J'écarquillai les yeux pour essayer de distinguer, dans les reflets changeants du courant, ce qu'il essayait de me montrer.

C'est alors que je la vis.

Mon cœur se mit à battre la chamade. Daniel ne m'avait pas menti : près du fond, comme posée sur le fin gravier, presque immobile, ondulait lentement une énorme truite fario dont on pouvait se demander ce qu'elle faisait là, dans ce minuscule cours d'eau serpentant entre la végétation et qui tenait plus d'un gros ruisseau que d'une véritable rivière.

Il me semble qu'il s'agissait d'une sorte de petit bras secondaire de la Loue.


J'avais bien sûr déjà vu de belles truites, notamment chez mes grands-parents, à Genlis, où la Norges passait directement dans le jardin, mais un spécimen pareil, jamais.

Un poisson magnifique, semblant presque irréel, inaccessible.


Il faut dire que l'endroit, aussi, était véritablement enchanteur en ce matin ensoleillé du mois d'août, avec cette nature qui explosait de vie.

Tout ici me paraissait nouveau et merveilleux, telles notamment ces libellules bleues et vertes aux reflets métalliques que mon cousin nommait des « demoiselles » et qui, sans crainte aurait-on dit, se posaient partout, même sur moi.

L'air tout entier, d'ailleurs, bruissait du battement des ailes, des élytres, des pattes de myriades d'insectes inconnus de moi et dont, enfermé dans ma vie aseptisée et insipide de la ville, je n'avais jamais même imaginé ne fût-ce que l'existence.

Cela sentait la menthe sauvage, le foin coupé et le bonheur.


A cette époque, à partir de 1966-1967 et les deux ou trois années qui suivirent, mes parents envoyaient chaque été le citadin pâlot que j'étais finir les grandes vacances au bon air du Jura, c'est-à-dire dans l'immense maison de mon oncle située à Villers Farlay et qui était alors un bien de famille.

Imaginez : une dizaine de chambres, un très grand parc clos planté d'arbres fruitiers, un bois, une mare et... mes cousins.

La chasse aux oiseaux, la pêche, la cueillette des fruits, les foins.
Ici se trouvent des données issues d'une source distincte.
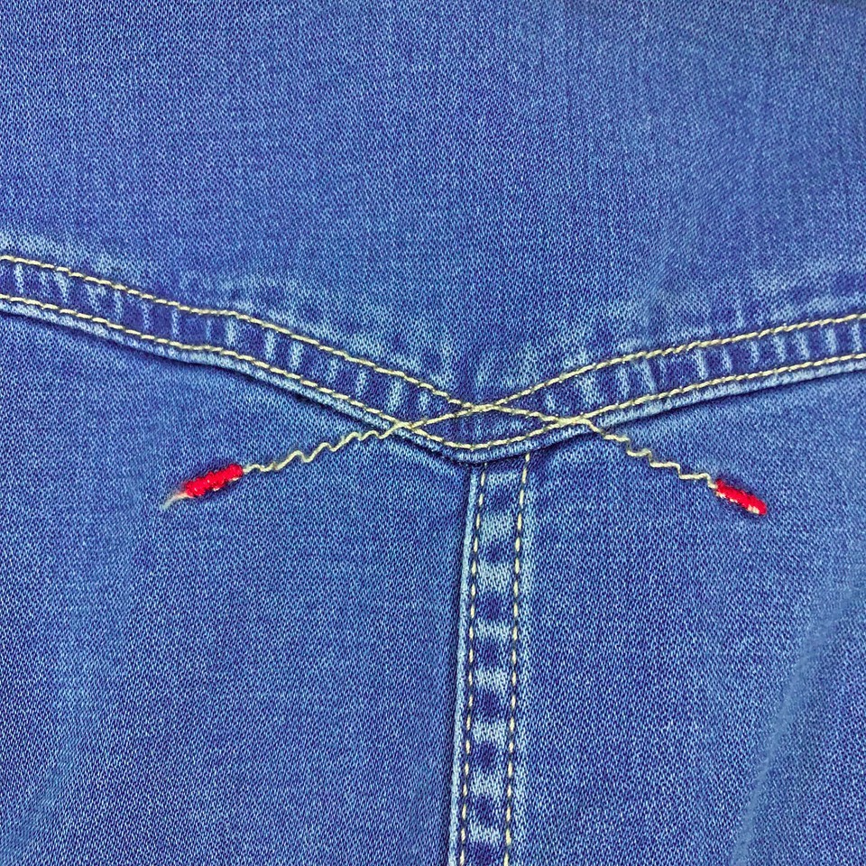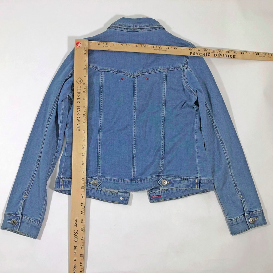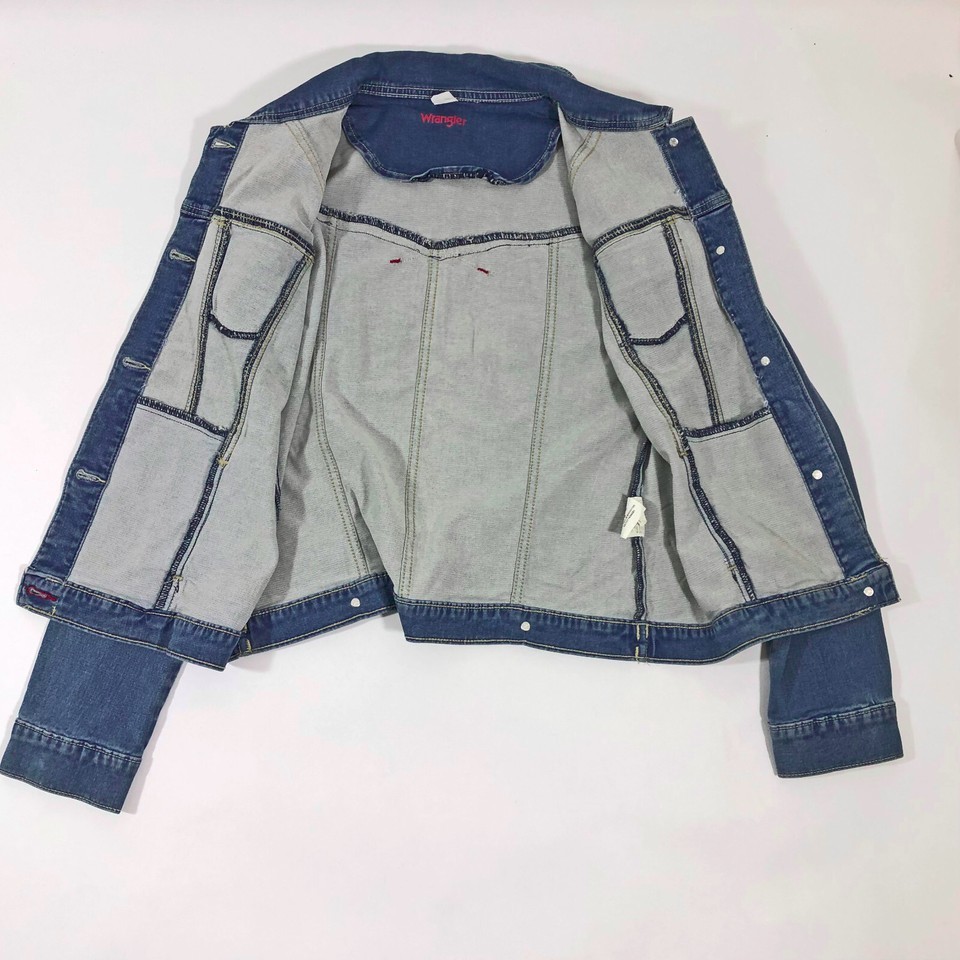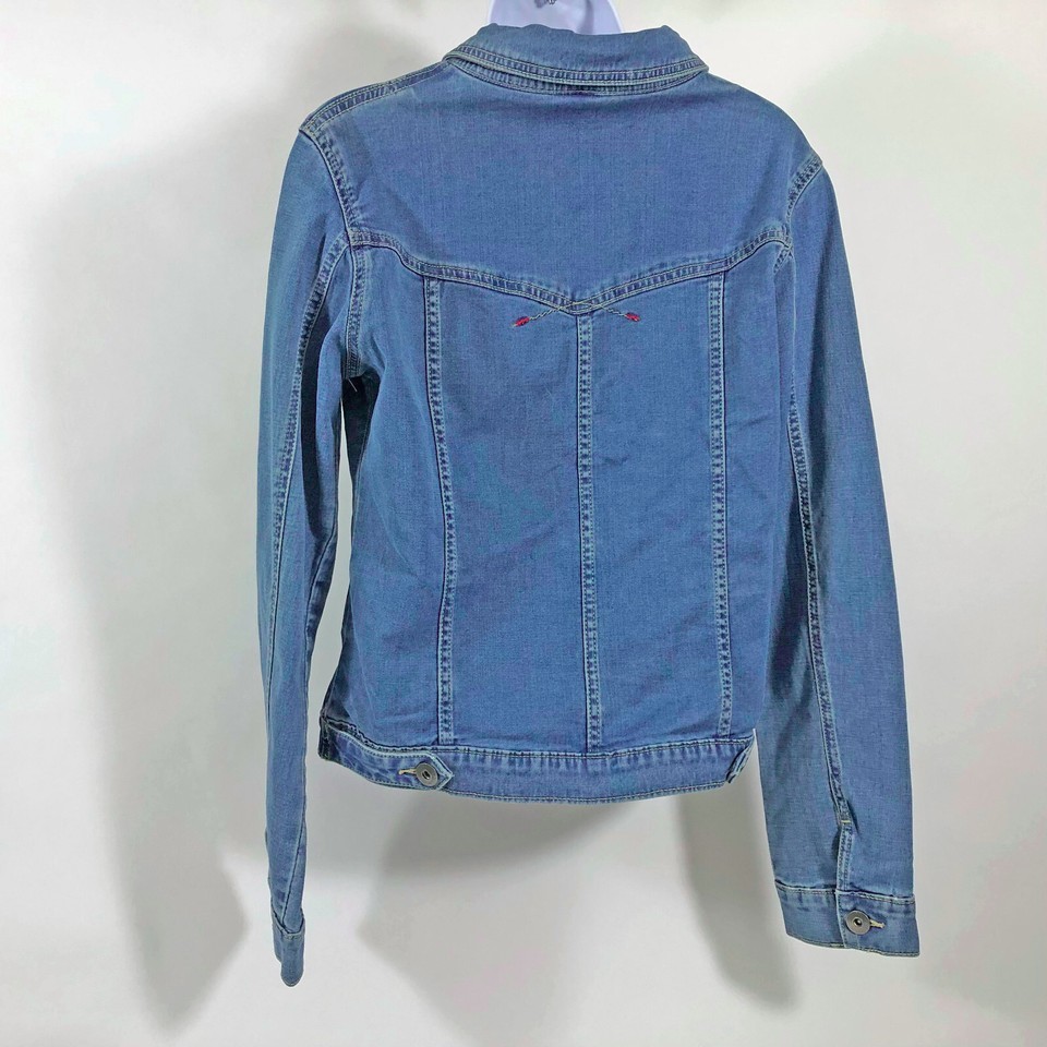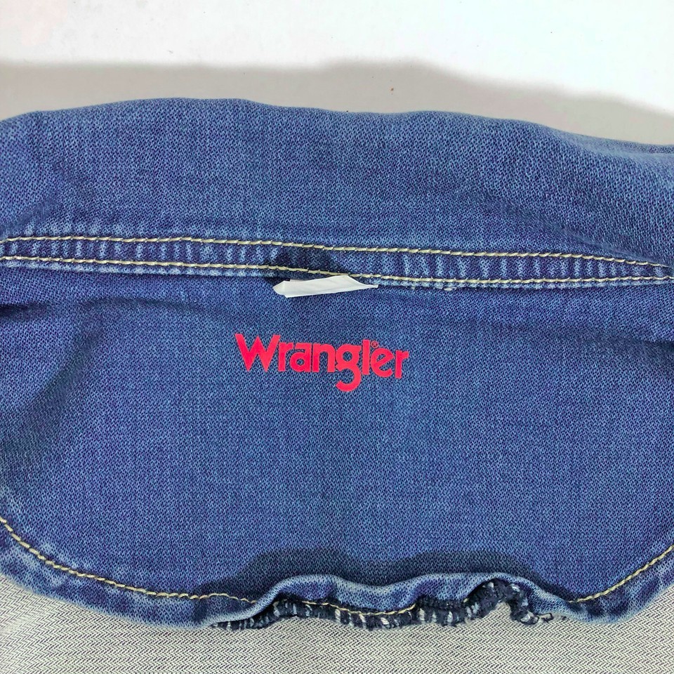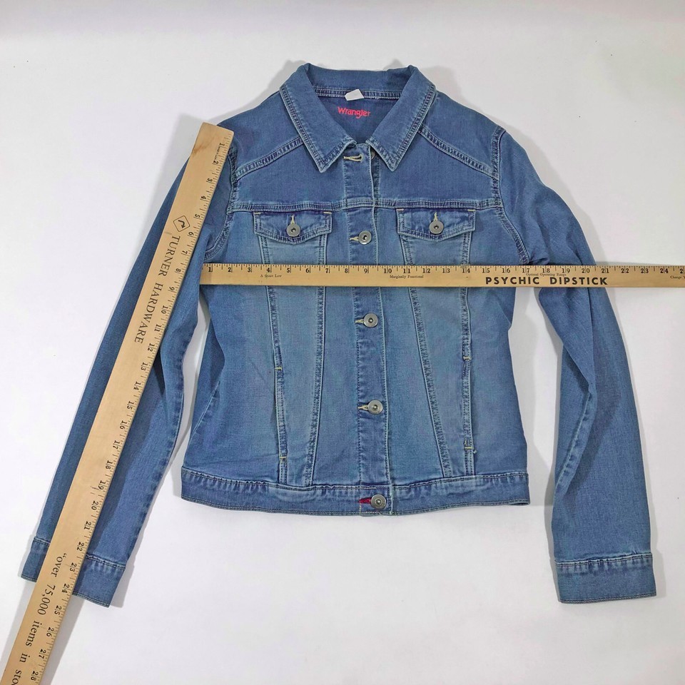 Wrangler medium wash blue denim jean jacket has small decorative red embroidery on the back. This is a classic Wrangler jean jacket with some stretch to it. NO rips, stains or tears. You can't miss with wearing this EUC, Excellent Used Condition jacket for your casual jacket needs. Flap collar and button down front Brand Wrangler Made in Bangladesh US size Women's Medium 6 pockets Flap collar Light Blue color 99% cotton, 1% Spandex Arm pit to pit 17 inches Across the shoulders 15.5 inches Shoulder to hem 19 inches SKU NN-0-09-23-040

De quoi m'émerveiller de tout, à chaque instant...


Mon cousin laissa les joncs se refermer sur la vision de la truite et, les jambes à l'air dans nos culottes courtes, nous reculâmes lentement à quatre pattes jusqu'à nous retrouver hors de vue de l'eau.

- Il ne faut surtout pas qu'elle nous voie, me dit Daniel d'un air docte en pointant l'index en l'air, sinon c'est foutu, elle ne mordra pas. Alors ne te montre pas et ne fais pas de bruit.


Nous étions venus là à vélo, apportant dans une équipée hasardeuse une musette de pêche et deux cannes en bambou séché censées servir de gaules.